§ **TASK OBJECTIVE**:
Within the lines below, the span from the line with "Для караоке колонка" to the line with "여유있는 산행이다보니 쉬는", both ends included, is to be reproduced exactly, with pictures omitted.

§ **DATA EXTRACT**:
++++++++
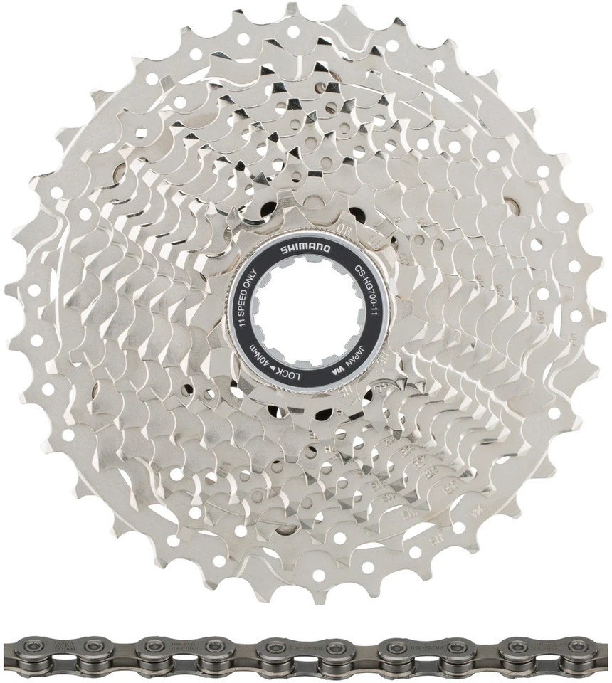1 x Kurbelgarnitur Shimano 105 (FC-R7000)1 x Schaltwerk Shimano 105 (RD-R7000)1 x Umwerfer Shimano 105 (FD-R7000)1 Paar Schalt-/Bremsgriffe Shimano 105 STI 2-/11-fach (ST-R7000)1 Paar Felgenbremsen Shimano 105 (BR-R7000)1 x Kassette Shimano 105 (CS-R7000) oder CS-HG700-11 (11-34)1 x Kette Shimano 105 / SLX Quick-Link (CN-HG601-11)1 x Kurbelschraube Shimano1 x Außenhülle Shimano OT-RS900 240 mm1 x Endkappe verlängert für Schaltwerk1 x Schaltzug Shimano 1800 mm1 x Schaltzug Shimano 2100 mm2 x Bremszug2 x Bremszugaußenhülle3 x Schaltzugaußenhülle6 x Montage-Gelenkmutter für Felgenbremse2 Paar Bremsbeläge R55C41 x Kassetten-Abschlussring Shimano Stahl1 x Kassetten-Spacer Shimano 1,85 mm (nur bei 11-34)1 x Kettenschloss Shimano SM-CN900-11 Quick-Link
++++++++
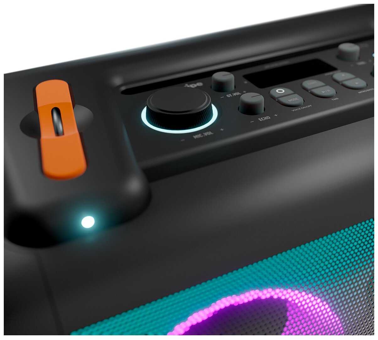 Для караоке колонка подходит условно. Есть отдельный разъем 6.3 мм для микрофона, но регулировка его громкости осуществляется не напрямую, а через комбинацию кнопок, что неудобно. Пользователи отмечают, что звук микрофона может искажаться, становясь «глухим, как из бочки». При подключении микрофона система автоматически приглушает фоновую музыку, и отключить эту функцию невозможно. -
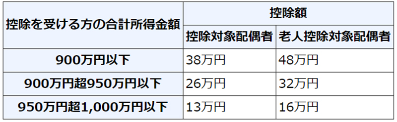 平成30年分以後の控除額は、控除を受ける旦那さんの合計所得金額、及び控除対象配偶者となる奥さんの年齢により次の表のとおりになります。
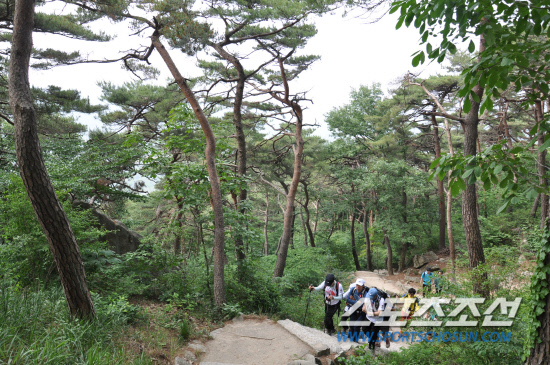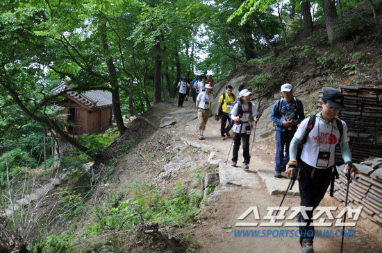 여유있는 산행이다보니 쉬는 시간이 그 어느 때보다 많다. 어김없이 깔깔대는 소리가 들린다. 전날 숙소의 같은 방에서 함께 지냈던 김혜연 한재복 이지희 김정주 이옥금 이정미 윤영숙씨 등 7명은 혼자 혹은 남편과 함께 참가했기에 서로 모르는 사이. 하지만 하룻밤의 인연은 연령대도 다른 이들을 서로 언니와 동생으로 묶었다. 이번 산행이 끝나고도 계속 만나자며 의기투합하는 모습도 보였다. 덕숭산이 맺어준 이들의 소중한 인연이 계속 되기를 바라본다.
++++++++
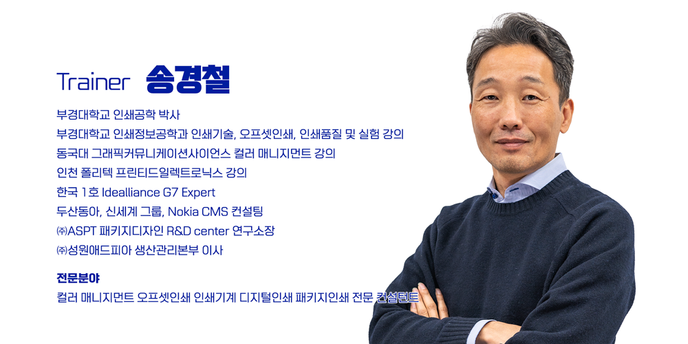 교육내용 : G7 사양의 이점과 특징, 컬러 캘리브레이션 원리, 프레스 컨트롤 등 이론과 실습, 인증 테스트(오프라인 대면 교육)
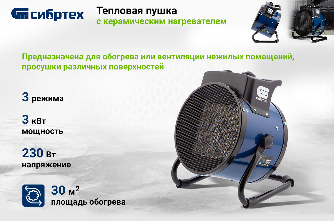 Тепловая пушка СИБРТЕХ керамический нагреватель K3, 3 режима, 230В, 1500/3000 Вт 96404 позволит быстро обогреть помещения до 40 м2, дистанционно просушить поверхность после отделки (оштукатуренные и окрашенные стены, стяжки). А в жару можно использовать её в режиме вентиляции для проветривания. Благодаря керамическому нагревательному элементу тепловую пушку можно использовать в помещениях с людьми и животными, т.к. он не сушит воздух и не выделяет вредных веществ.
++++++++
§ **YOUR SOLUTION**:
 Для караоке колонка подходит условно. Есть отдельный разъем 6.3 мм для микрофона, но регулировка его громкости осуществляется не напрямую, а через комбинацию кнопок, что неудобно. Пользователи отмечают, что звук микрофона может искажаться, становясь «глухим, как из бочки». При подключении микрофона система автоматически приглушает фоновую музыку, и отключить эту функцию невозможно. -
 平成30年分以後の控除額は、控除を受ける旦那さんの合計所得金額、及び控除対象配偶者となる奥さんの年齢により次の表のとおりになります。
 여유있는 산행이다보니 쉬는 시간이 그 어느 때보다 많다. 어김없이 깔깔대는 소리가 들린다. 전날 숙소의 같은 방에서 함께 지냈던 김혜연 한재복 이지희 김정주 이옥금 이정미 윤영숙씨 등 7명은 혼자 혹은 남편과 함께 참가했기에 서로 모르는 사이. 하지만 하룻밤의 인연은 연령대도 다른 이들을 서로 언니와 동생으로 묶었다. 이번 산행이 끝나고도 계속 만나자며 의기투합하는 모습도 보였다. 덕숭산이 맺어준 이들의 소중한 인연이 계속 되기를 바라본다.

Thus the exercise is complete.